Find the line below with "曲谱介绍: C调版伍佰《爱你越来越多》吉他和弦弹唱谱" and the line with "juicy more crisp.". Output them and the lines between, exactly, but not the pictures.

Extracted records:
------------------------------------

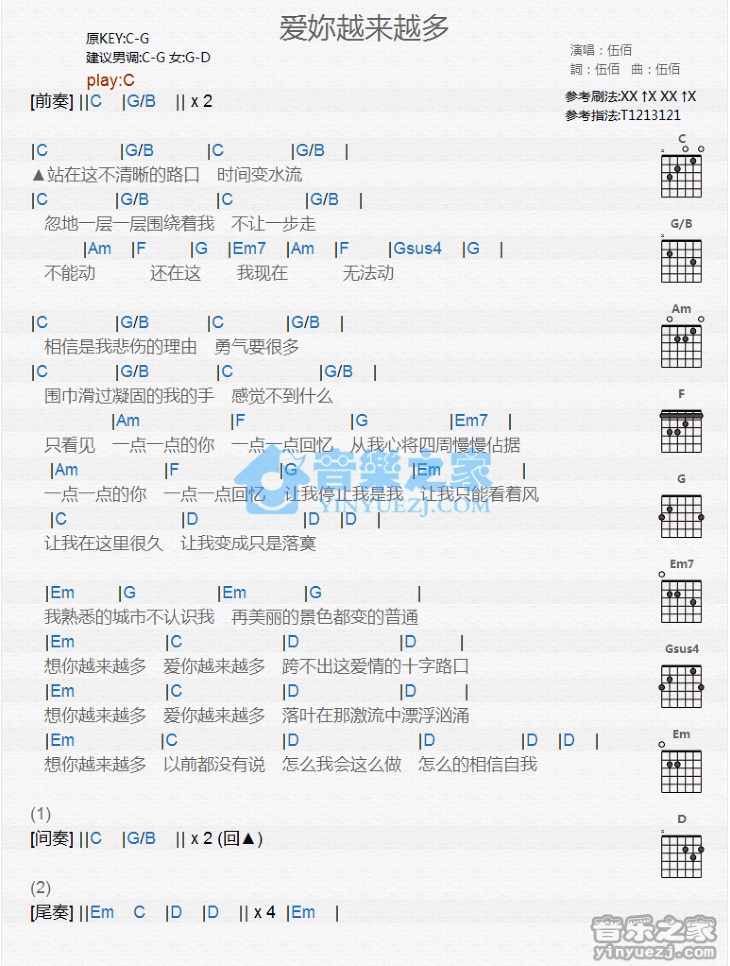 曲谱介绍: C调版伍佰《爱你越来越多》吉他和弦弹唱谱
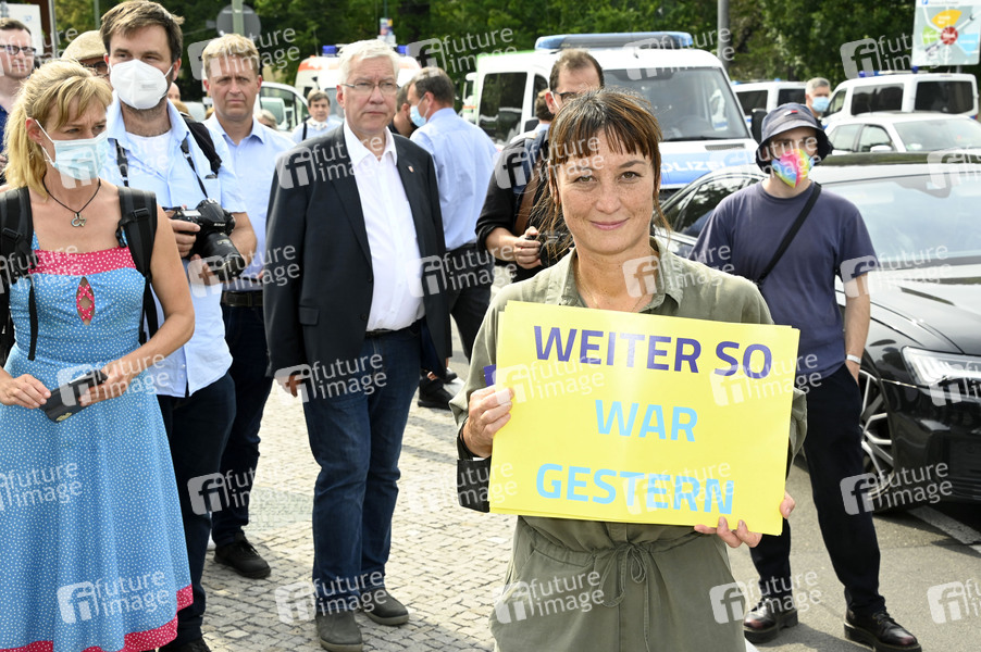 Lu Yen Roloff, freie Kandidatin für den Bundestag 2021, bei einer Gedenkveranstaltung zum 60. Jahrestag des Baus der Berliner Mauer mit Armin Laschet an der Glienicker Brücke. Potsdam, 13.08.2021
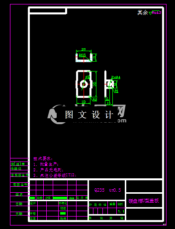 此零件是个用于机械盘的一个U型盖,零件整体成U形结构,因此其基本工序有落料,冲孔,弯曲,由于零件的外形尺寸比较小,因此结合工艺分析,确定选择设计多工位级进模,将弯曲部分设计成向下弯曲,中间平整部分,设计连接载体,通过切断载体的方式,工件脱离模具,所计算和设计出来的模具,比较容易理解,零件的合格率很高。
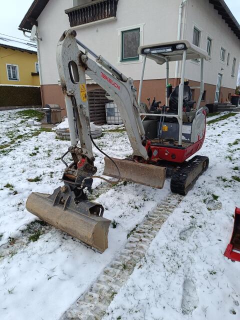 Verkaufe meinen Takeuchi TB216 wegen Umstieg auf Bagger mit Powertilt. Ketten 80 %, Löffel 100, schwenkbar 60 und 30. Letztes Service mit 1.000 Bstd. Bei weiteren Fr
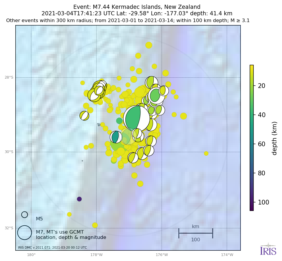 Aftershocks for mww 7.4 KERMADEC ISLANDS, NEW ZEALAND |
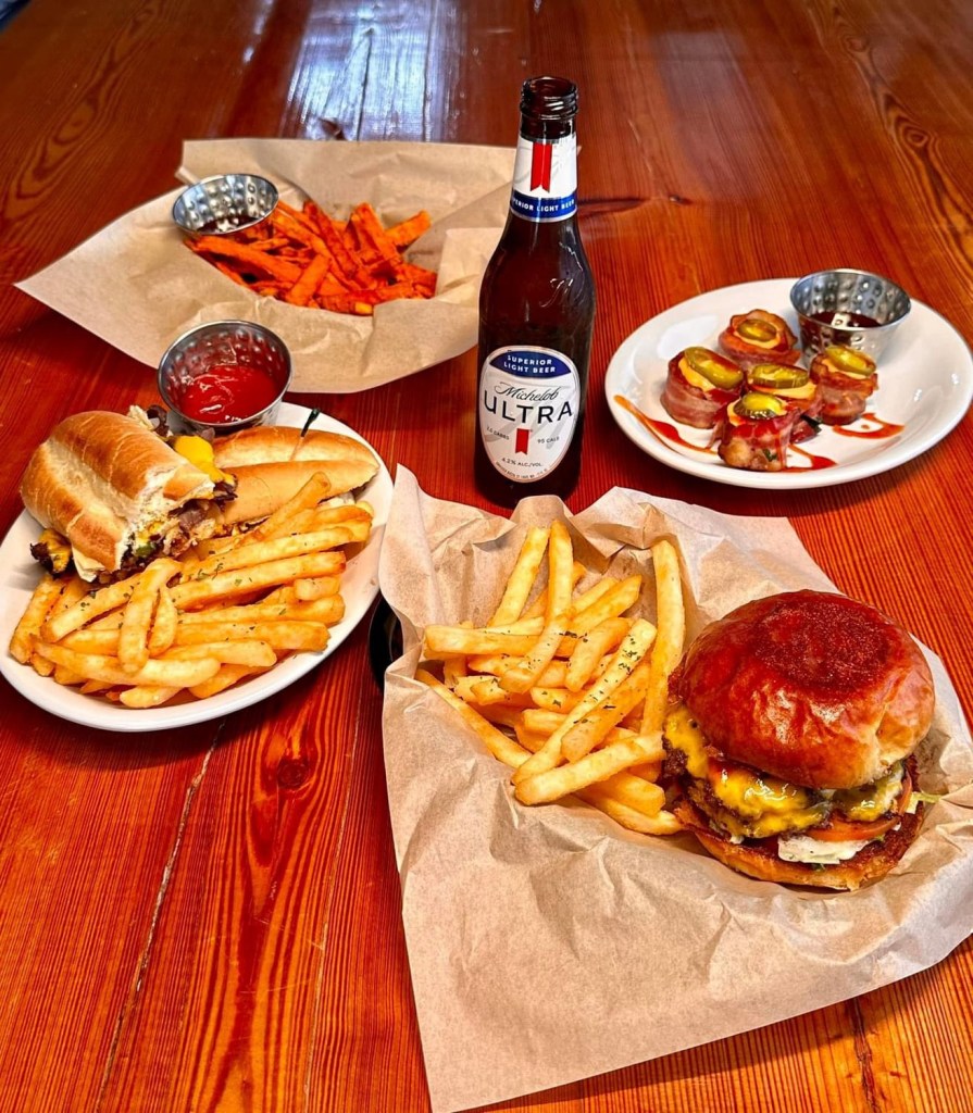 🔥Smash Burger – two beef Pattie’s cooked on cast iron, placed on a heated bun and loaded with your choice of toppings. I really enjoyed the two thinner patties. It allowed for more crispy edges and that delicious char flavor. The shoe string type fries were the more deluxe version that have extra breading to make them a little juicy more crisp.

------------------------------------

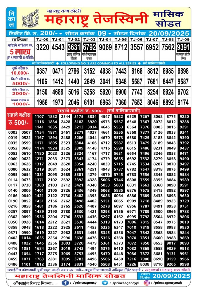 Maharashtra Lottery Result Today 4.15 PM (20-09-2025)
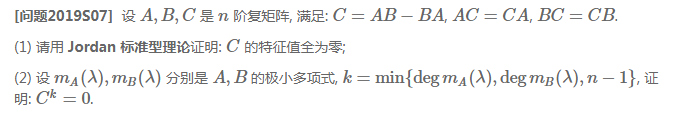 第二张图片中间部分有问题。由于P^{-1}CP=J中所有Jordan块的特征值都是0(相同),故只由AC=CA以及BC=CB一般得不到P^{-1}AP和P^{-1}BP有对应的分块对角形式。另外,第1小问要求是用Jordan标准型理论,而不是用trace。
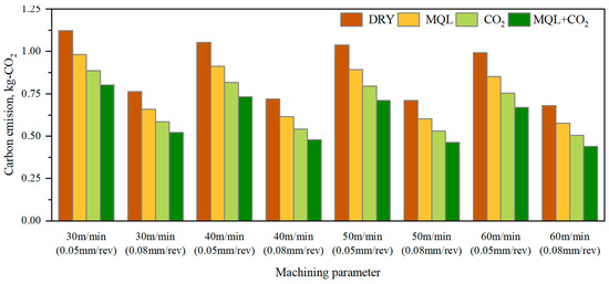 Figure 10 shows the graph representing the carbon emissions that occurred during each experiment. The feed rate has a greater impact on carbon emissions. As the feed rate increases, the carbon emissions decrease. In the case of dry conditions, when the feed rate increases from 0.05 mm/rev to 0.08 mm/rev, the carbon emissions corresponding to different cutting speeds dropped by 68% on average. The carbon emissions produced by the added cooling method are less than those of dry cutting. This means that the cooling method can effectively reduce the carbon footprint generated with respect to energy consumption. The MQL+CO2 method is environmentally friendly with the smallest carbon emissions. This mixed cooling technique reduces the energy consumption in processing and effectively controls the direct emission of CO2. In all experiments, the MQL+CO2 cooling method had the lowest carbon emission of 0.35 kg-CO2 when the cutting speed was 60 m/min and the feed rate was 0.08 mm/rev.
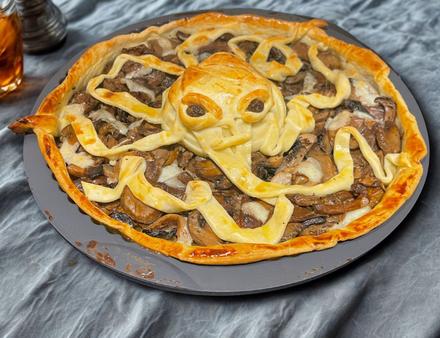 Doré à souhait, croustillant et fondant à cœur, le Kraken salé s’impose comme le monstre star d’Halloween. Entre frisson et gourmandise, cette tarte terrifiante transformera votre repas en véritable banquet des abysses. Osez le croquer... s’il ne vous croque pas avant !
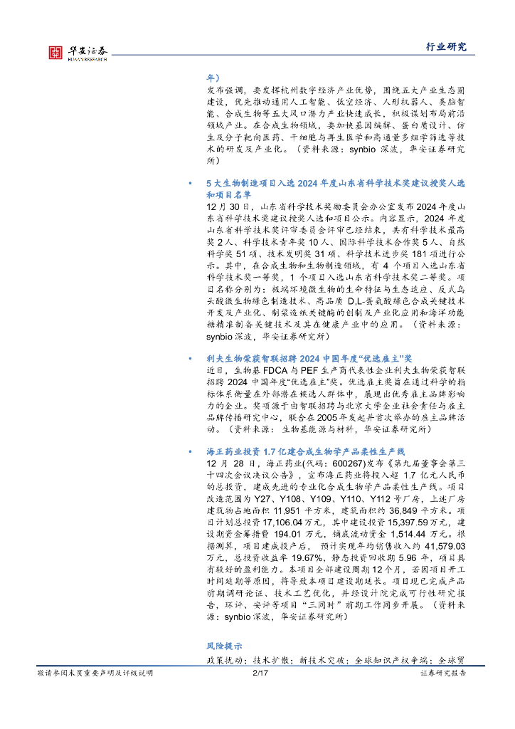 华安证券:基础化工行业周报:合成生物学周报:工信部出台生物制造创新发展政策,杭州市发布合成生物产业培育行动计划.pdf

------------------------------------

#### Output of the task:
 曲谱介绍: C调版伍佰《爱你越来越多》吉他和弦弹唱谱
 Lu Yen Roloff, freie Kandidatin für den Bundestag 2021, bei einer Gedenkveranstaltung zum 60. Jahrestag des Baus der Berliner Mauer mit Armin Laschet an der Glienicker Brücke. Potsdam, 13.08.2021
 此零件是个用于机械盘的一个U型盖,零件整体成U形结构,因此其基本工序有落料,冲孔,弯曲,由于零件的外形尺寸比较小,因此结合工艺分析,确定选择设计多工位级进模,将弯曲部分设计成向下弯曲,中间平整部分,设计连接载体,通过切断载体的方式,工件脱离模具,所计算和设计出来的模具,比较容易理解,零件的合格率很高。
 Verkaufe meinen Takeuchi TB216 wegen Umstieg auf Bagger mit Powertilt. Ketten 80 %, Löffel 100, schwenkbar 60 und 30. Letztes Service mit 1.000 Bstd. Bei weiteren Fr
 Aftershocks for mww 7.4 KERMADEC ISLANDS, NEW ZEALAND |
 🔥Smash Burger – two beef Pattie’s cooked on cast iron, placed on a heated bun and loaded with your choice of toppings. I really enjoyed the two thinner patties. It allowed for more crispy edges and that delicious char flavor. The shoe string type fries were the more deluxe version that have extra breading to make them a little juicy more crisp.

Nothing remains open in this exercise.